Prompt caching is worth gold. Anthropic, OpenAI and Google all offer prompt caching with up to 90 percent discount on reused tokens. If you send the same system prompt or document across calls, cache it.
Reasoning tokens count. In models with reasoning modes, monitor usage. A call can generate thousands of invisible tokens. Use reasoning mode only when the problem truly requires it.

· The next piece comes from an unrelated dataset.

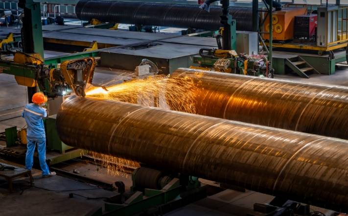 资阳石油钢管有限公司螺旋管产品管端加工中。龚赞 摄

Do not trust crude estimates. The "1 token equals 0.75 words" rule breaks for code, JSON, non-Latin languages, and text heavy in numbers or symbols. Count properly before assuming a cost.

In one line

A token is the unit the model actually processes, typically a 3 to 4 character subword in English. Both what you send and what the model returns are billed, with output usually costing 2 to 6 times more than input.